What to do:
Go to the line containing "Over the past" in the material below. From there to the end, retype every line exactly and drop the pictures.

Data below:

=== Begin Enclosure ===

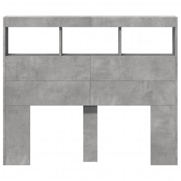 Betoninharmaa sängynpäätykaappi 120x17x102cm led-valoilla
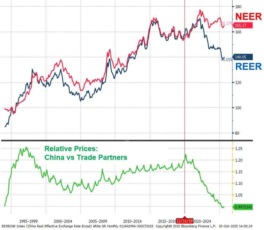 Over the past several years, China has experienced close to zero inflation, while most major trading partners have gone through sustained inflation of 2–5%. This inflation differential has accumulated. As a result, China’s relative price level today is meaningfully lower than it was five years ago.
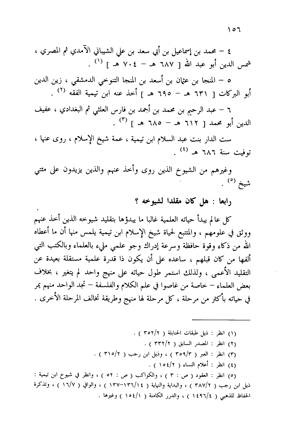 (¬5) انظر: العقود (ص: 3) ، والكواكب (ص: 52) ، وانظر في شيوخ ابن تيمية: ديل ابن رجب (2/387) ، والبداية والنهاية (14/136- 137) ، والوافي (7/16) ، وتذكرة الحفاظ للذهبي (4/1496) ، والدرر الكامنة (1/ 154) وغيرها.
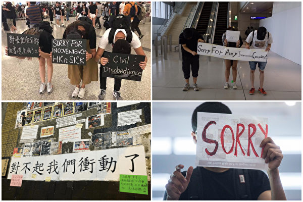 8月14日,一些年轻的抗议者到机场深度鞠躬、举牌向旅客致歉。社群平台脸书也流传几张被制成图片的香港示威者道歉声明。

=== End Enclosure ===

Problem solution:
 Over the past several years, China has experienced close to zero inflation, while most major trading partners have gone through sustained inflation of 2–5%. This inflation differential has accumulated. As a result, China’s relative price level today is meaningfully lower than it was five years ago.
 (¬5) انظر: العقود (ص: 3) ، والكواكب (ص: 52) ، وانظر في شيوخ ابن تيمية: ديل ابن رجب (2/387) ، والبداية والنهاية (14/136- 137) ، والوافي (7/16) ، وتذكرة الحفاظ للذهبي (4/1496) ، والدرر الكامنة (1/ 154) وغيرها.
 8月14日,一些年轻的抗议者到机场深度鞠躬、举牌向旅客致歉。社群平台脸书也流传几张被制成图片的香港示威者道歉声明。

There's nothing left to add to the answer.